James Marsters Will Be "Team Spike" For All Of Eternity

Buffy the Vampire Slayer’s ultimate bad boy reflects on his seven years working in Joss Whedon’s world, his desire for artistic freedom, and turning to fans to help fund his new movie.

Left: Marsters at Wizard World Minneapolis on May 3, 2014. Right: Marsters as Spike on Buffy the Vampire Slayer. Adam Bettcher for Getty Images; The WB

Every now and then there is a pop culture moment so huge, it forces a semi-dormant fan base to roar back to life. The Buffyverse recently experienced one of these massive in-community controversies when former Buffy star Sarah Michelle Gellar was asked during a Reddit AMA if she was Team Angel or Team Spike.

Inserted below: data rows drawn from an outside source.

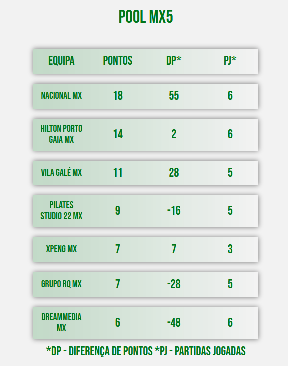 *DP - Diferença de Pontos *PJ - Partidas Jogadas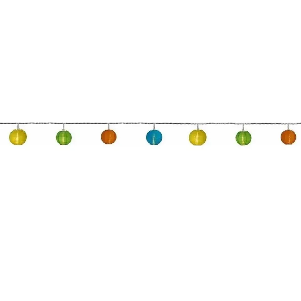 Soort verlichting: LED. Kleur lampionnen: multi (gekleurd: geel, groen, oranje en blauw). Kleur licht: warm wit. Kleur snoer: wit. Totale lengte lichtsnoer: 2,5 meter. Lengte snoer met lampjes: 2,5 meter. Aantal lampjes/lampionnetjes: 10. Diameter per lampion: 2,5 cm. Lengte aanloopsnoer: 2 meter. IP44 spatwaterdicht. Dit lichtsnoer werkt op zonne-energie: door het zonnepaneel op te laden in de zon branden de lampjes wanneer het donker is.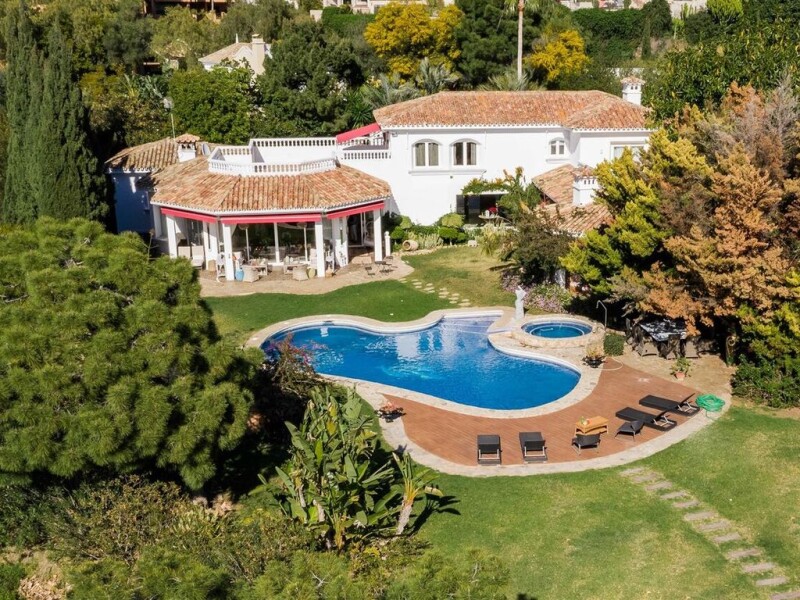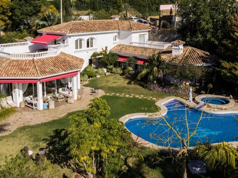 Unique 10 bedroom villa, with 2 separate apartments for sale. We have this fantastic property on offer: a villa boasting timeless design and 2 separate apartments for guests in in a prestigious area of Benahavis. When entering the main entrance, we find ourselves in a light-flooded entrance hall, with an enormous window offering views of the garden and swimming pool. This hall separates the living area from the corridor leading to 4 beautiful bedrooms, all with en-suite bathrooms. The living area consists of a large elegant living room leading out to the terrace and garden, a formal dining room and the kitchen, which is equipped with high-quality wooden furniture. On the first floor we find the masterbedroom with hardwood flooring and a large terrace, another bedroom and a large bathroom with Whirlpool bath and 2 separate showers. The lower floor boasts a garage, hamam and a gym with shower. Both apartments have 2 bedrooms, a bathroom and one of them also includes a small kitchen. The modern Mediterranean villa offers breath-taking panoramic views, over 4000 square metres of land including various terraces, a large swimming pool with jacuzzi, subtropic plants and a small vegetable garden. Located in Puerto del Almendro, a tranquil and safe area, the property is also close to San Pedro de Alcántara and Puerto Banús and you can reach Monte Halcones, with restaurants, supermarket and other amenities by foot in just a few minutes. This exceptional property is perfect if you are looking for an impressive villa with breath-taking views in a beautiful, private and safe area.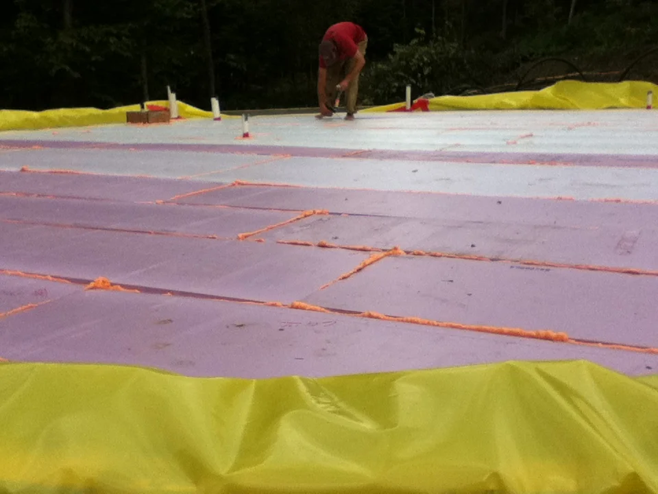Two-ply of rigid foam making R20 under the floor and yellow stago or radon barrier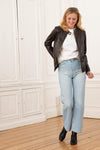 This jacket meets the standards of a biker collar jacket with its biker collar that can be closed with a strap with a snap button. A long metal zip ensures closure along the axis, while others ensure closure of the two side pockets and the ends of the long sleeves. The internal lining is decorated with a pretty pattern and a raglan pocket on the side. straight.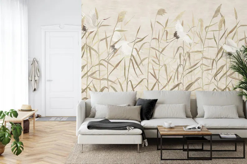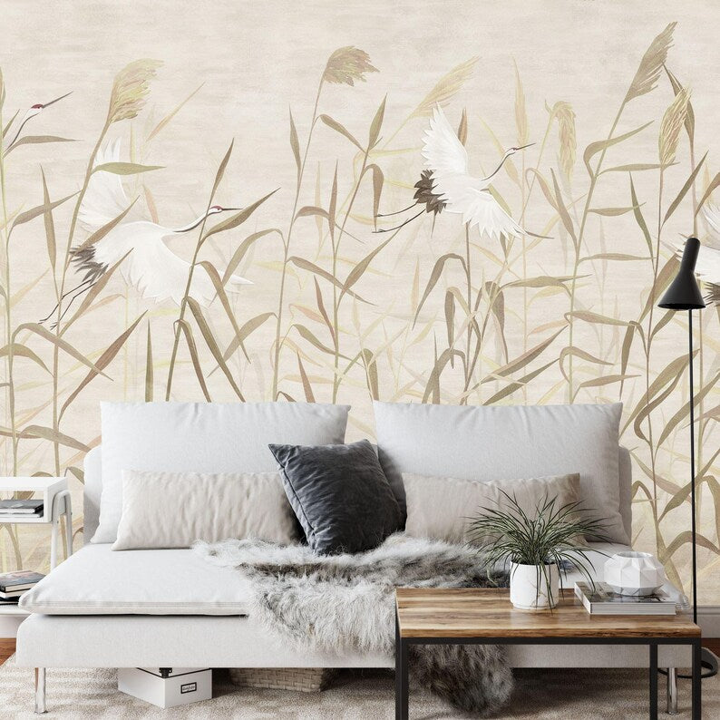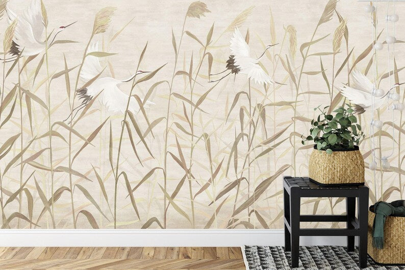 Reeds and Storks Wallpaper Mural, Hand-Drawn Art Print, Peel and Stick Decal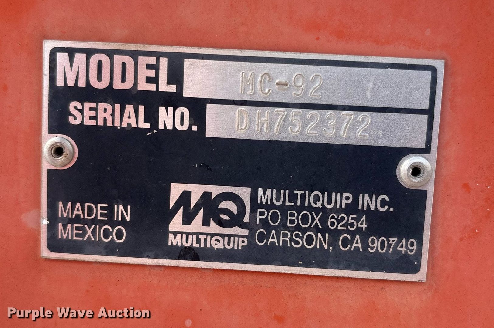 Purple Wave is selling a used Concrete Equip. or Acces. in Oklahoma. This item is a 2003 Multiquip MC-92 concrete mixer with the following: Serial: DH752372, Unit #: 107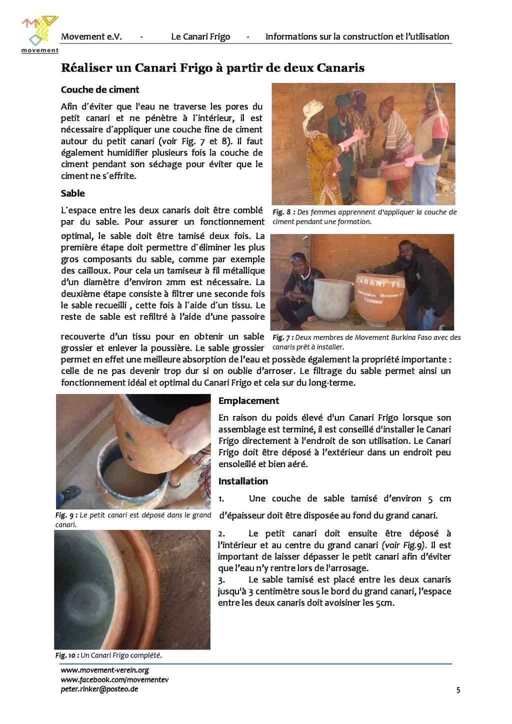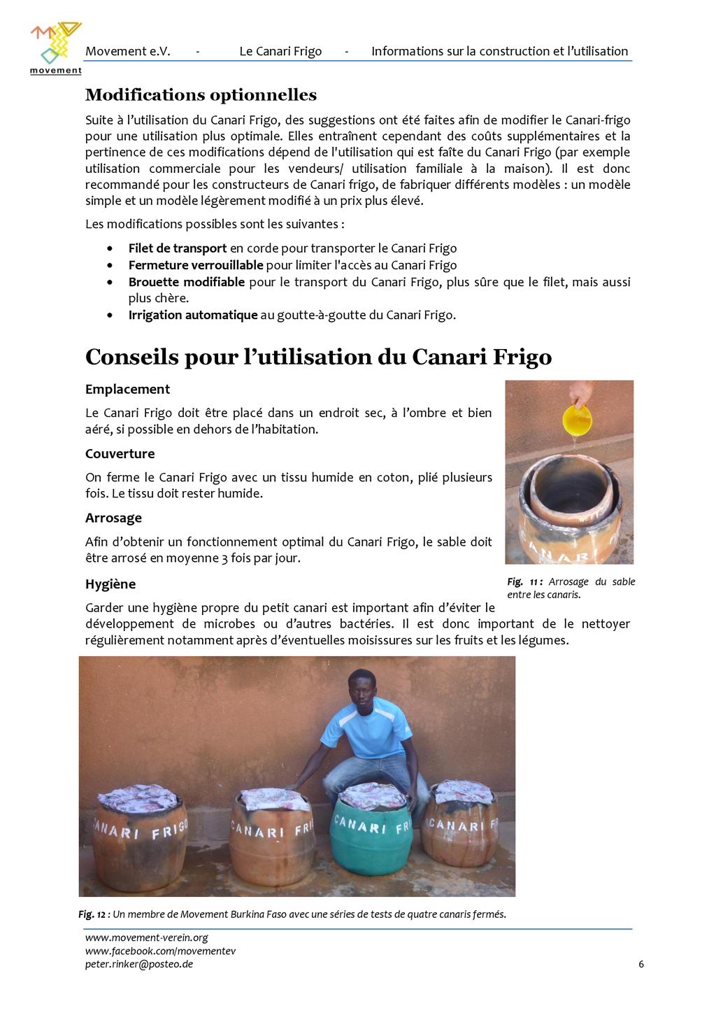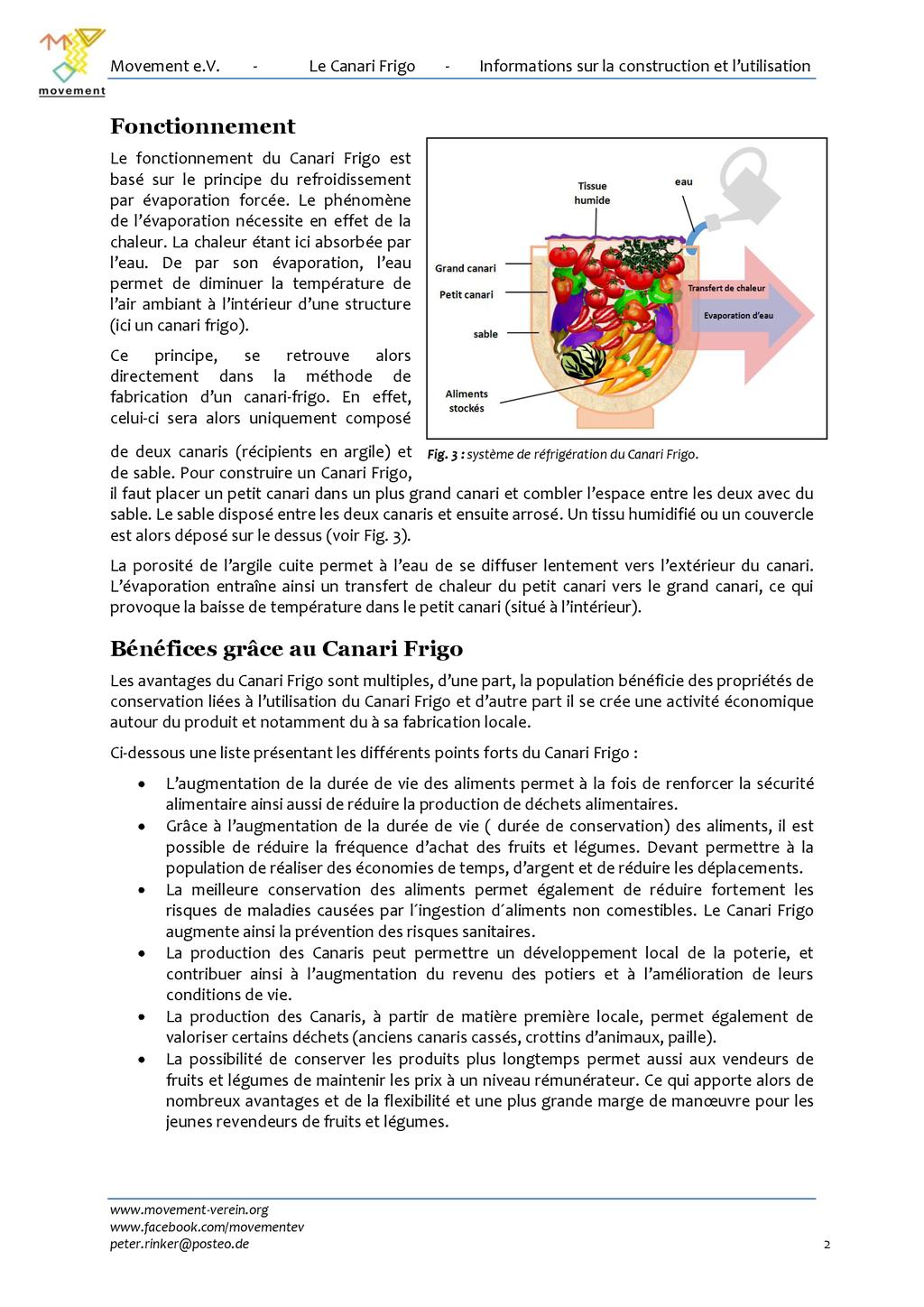 Le Canari Frigo est un moyen simple permettant de rafraichir les aliments (notamment fruits et légumes), et ne demandant que très peu de moyens financiers. La fonction de rafraichissement est basée sur le principe de l’évaporation et ne nécessite pas d’électricité. Avec ce système, il est possible d’obtenir une température allant jusque 13 à 22°C, alors que la température extérieure peut avoisiner les 40°C. Ce mode de rafraichissement représente donc un système très intéressant pour les pays dont le climat est chaud et sec. Ces conditions climatiques sont par exemple réunies dans les zones de l’Est et de l’Ouest de l’Afrique. Dans cette partie du continent, les Hommes n’ont pour la plupart aucun autre moyen que le Canara Frigo pour rafraichir leurs aliments.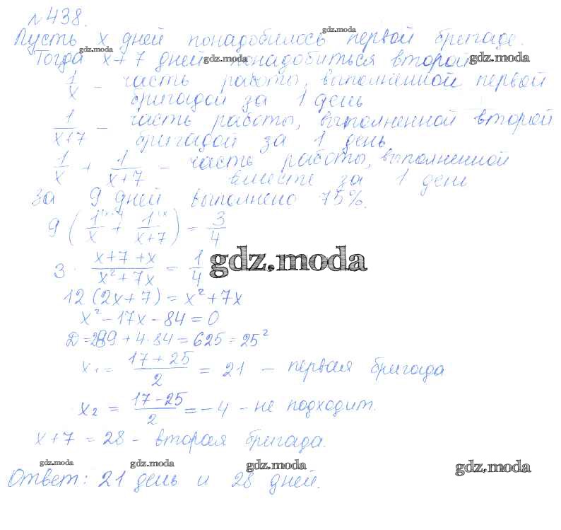 ОТВЕТ на задание № 438 Учебник по Алгебре 9 класс Дорофеев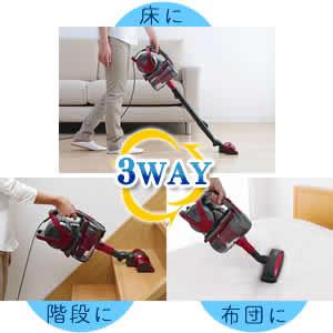 손쉽게 집안 청소스틱 청소기 핸디 청소기, 이불 청소기의 3way로 사용할 수있다.바닥과 계단은 물론, 함께 이불 구이 헤드로 교체하면 이불 청소기로 사용할 수있다.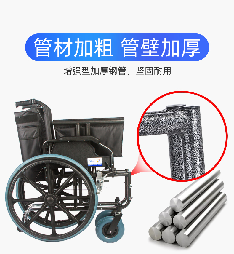 6、加装辅助轮安全装置,高辅助防止轮椅在行驶过程中倾翻。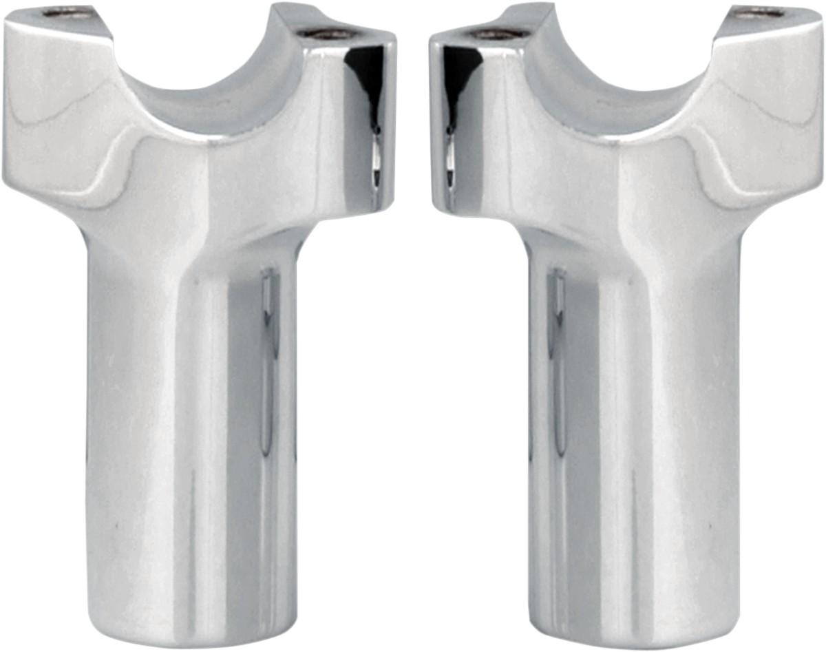 Blind hole tapped for standard 1/2" x 13 mounting boltsFits on all models with 3-1/2" center-to-center riser spacingWork with any standard 1" handlebar, Wild 1 Chubby Bars and most other bars with a 1" clamping sectionUse stock top clamp, after-market top clamp, or Wild 1 custom billet top clamps (with offset mounting holes)Made in the U.S.A.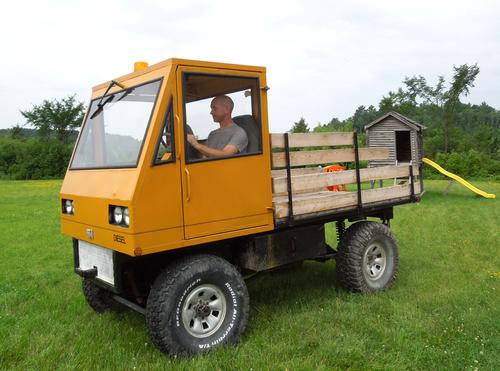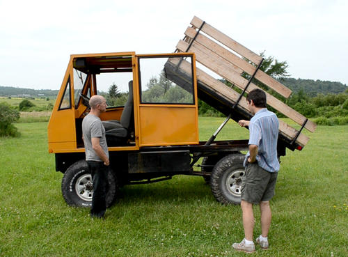 The truck bed tilts for dumping. Handy when hauling firewood.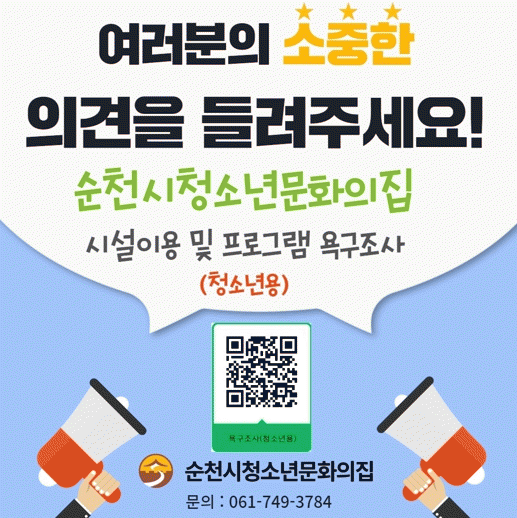 [¹Ìµð¾îÀü³² ÀÓ¼º¿Ï ±âÀÚ]¼øÃµ½Ã û¼Ò³â¹®ÈÀÇÁýÀº 10¿ù 31ÀϱîÁö ¹®ÈÀÇÁý ÀÌ¿ë û¼Ò³â°ú Çкθð 500¸íÀ» ´ë»óÀ¸·Î ¡®2023³â ¼øÃµ½Ãû¼Ò³â¹®ÈÀÇÁý ½Ã¼³ÀÌ¿ë ¹× ÇÁ·Î±×·¥ ¿å±¸Á¶»ç¡¯¸¦ ½Ç½ÃÇÑ´Ù. ÀÌ Á¶»ç´Â ¡ã½Ã¼³ÀÌ¿ë ¡ãû¼Ò³â ÇÁ·Î±×¡¦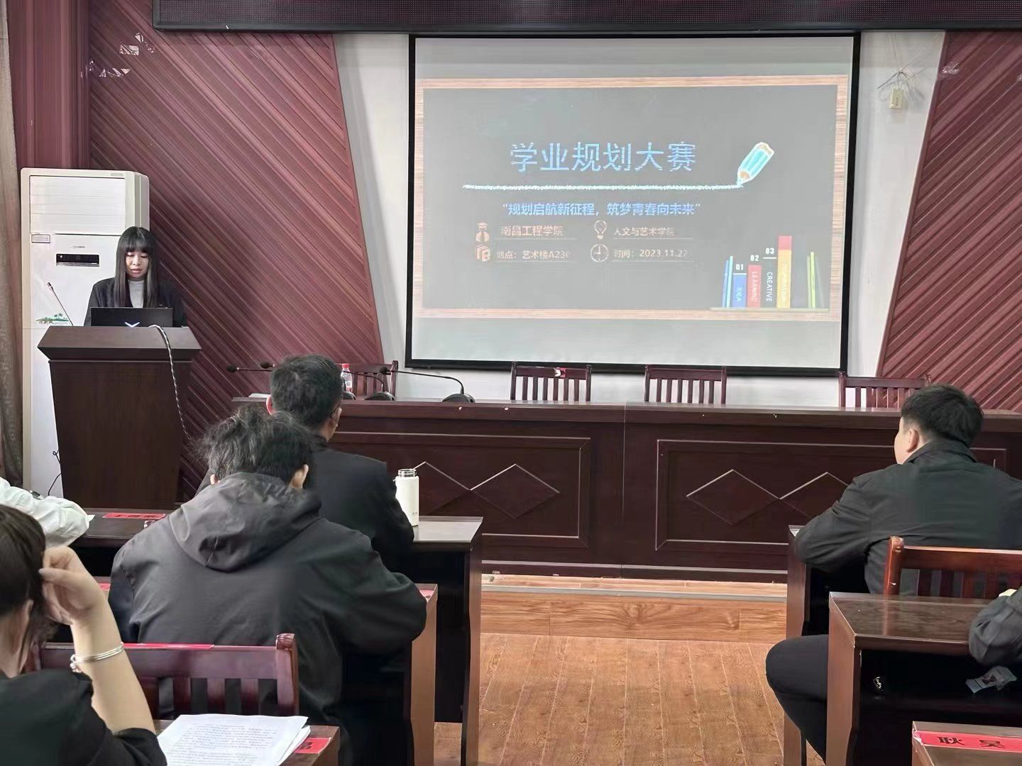 为了更好地实现以赛促学、以赛促教,引导大学生树立正确的成才观、就业观和择业观。人文与艺术学院于23年11月22日在艺术楼A230开展学业规划大赛。本次大赛由辅导员兰龙焱、马浩哲老师及分团委学生副书记赵文敏担任评委。
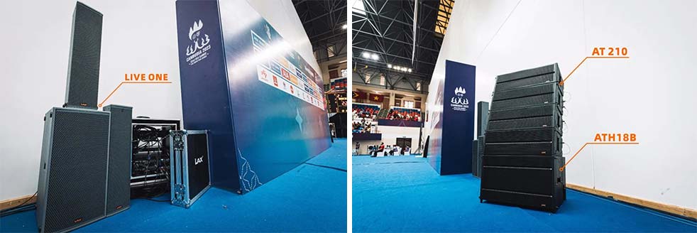 在比賽場地區域,我們配備了8組LAX雙12寸3D束波全頻揚聲器,每組揚聲器能夠均勻覆蓋整個比賽場地,保證了所有的運動員及場上人員都能夠清晰地聽到場上的聲音。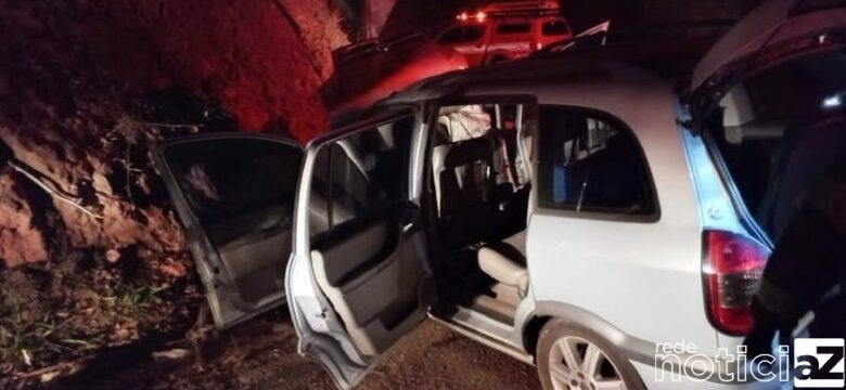 O acidente aconteceu após o carro bater contra barranco e tanto o motorista, quanto o passageiro ficaram presos nas ferragens.

Had the internet been as omnipresent when Buffy the Vampire Slayer originally aired (from 1997–2003), this question would have been asked and answered a zillion times over, so fans of Joss Whedon’s seminal series were glued to their computer screens as Gellar typed, in all caps, “ANGEL.”

Angel, played with a brooding intensity by David Boreanaz, was Buffy’s first love, but subsequent seasons paired The Slayer — somewhat controversially — with James Marsters’ Spike, an unapologetically bloodthirsty vampire whose redemption became a driving force in the show’s final years. The fandom had long been split over who was truly worthy of Buffy’s heart, but with five letters, Gellar let us all know where she stood.

“Well, I have to say, I really messed with her a lot, so perhaps there’s more to her choice than just what happened on the show,” Marsters told BuzzFeed during a recent interview. “I grew up as a subversive artist, and you have to be so polite to the lead on a film all the time — whether they’re nice or not — so something about that stuck in my craw and I would, sometimes, lovingly mess with her. It’s mean, but I couldn’t help myself. So, maybe I understand why she said that.”

Marsters also understands why, more than a decade after the series finale, he’s still approached on a near-daily basis about his role on the WB (and later UPN) series. “I didn’t write Buffy, I didn’t produce Buffy, I didn’t direct Buffy, so I’m not bragging when I say it was a really good show,” he stated. “I stood on tape and wore the hair and scowled in the correct manner, so I’m just glad to have been a part of it. But I always knew that even after the special effects got a little old-looking, generations would appreciate this. I remember telling Sarah that we may go on to lots of money later in our careers, but we would never touch the nerve of the world like we are today.”

Since Marsters’ role in the Whedonverse came to a close (following Buffy’s conclusion, he played Spike on the final season of spin-off Angel), the 51-year-old continued to release music with his band, Ghost of the Robot, while consistently working within the genre world, guest-starring on such shows as Smallville, Torchwood, Caprica, and Warehouse 13, and in the odd film.

The latest role added to Marsters’ résumé is that of Lord Tensley in Dragon Warriors, an all-CGI medieval comedy that is currently seeking post-production funding on Kickstarter. Although he’s dealt with CGI for the majority of his career, working against nothing but a green screen was an exciting new adventure.

The WB

 

“When we were doing Buffy, it took hours to get a 30-second shot of a vampire face morph,” recalled Marsters. “It was so low-tech. Like, I was lining up my eyeballs on a TV monitor so my face would be lined up on screen correctly. It was so old-school. And these days it’s a whole different world. You just put actors on a green-screen set now and let them have fun. What that does is free the actors up to tell the story and not worry about the technical stuff.”

The most important thing to Marsters at this juncture in his career is artistic freedom; in addition to the fan-funded film, Marsters’ band will independently release their new album, Bougeoir Faux Pas, later this year. “Without all the money looming, when you don’t have to go through a big corporate structure to tell your story, I feel more free as an artist,” he said. “That’s putting a lot more power into the hands of the storytellers as opposed to the businessmen. I have no problem with businessmen who want to do creative things, but this is really nice.”

Which isn’t to say Marsters is totally opposed to working within the system. He’s partnered with Dark Horse Comics to release Into The Light, a new Spike-centric comic book that he wrote. “It was interesting to me to explore what happens right after Spike gets his soul: He can’t steal, he can’t murder for food or shelter anymore, so how does he survive? I wanted to show him homeless and starving to death, with his clothes falling apart. It’s about how he starts to become a not evil character.”

Sadly, fans who are hoping this new installment might motivate a producer to bring the next chapter in Spike’s story to the screen will likely be disappointed, as Marsters has officially hung up his black duster. “I told Joss that he had seven years to shoot the character after Angel ended because Spike is not supposed to age, and I am,” he said with a chuckle. “Without massive special effects, that ship has probably sailed — and that’s fine with me.”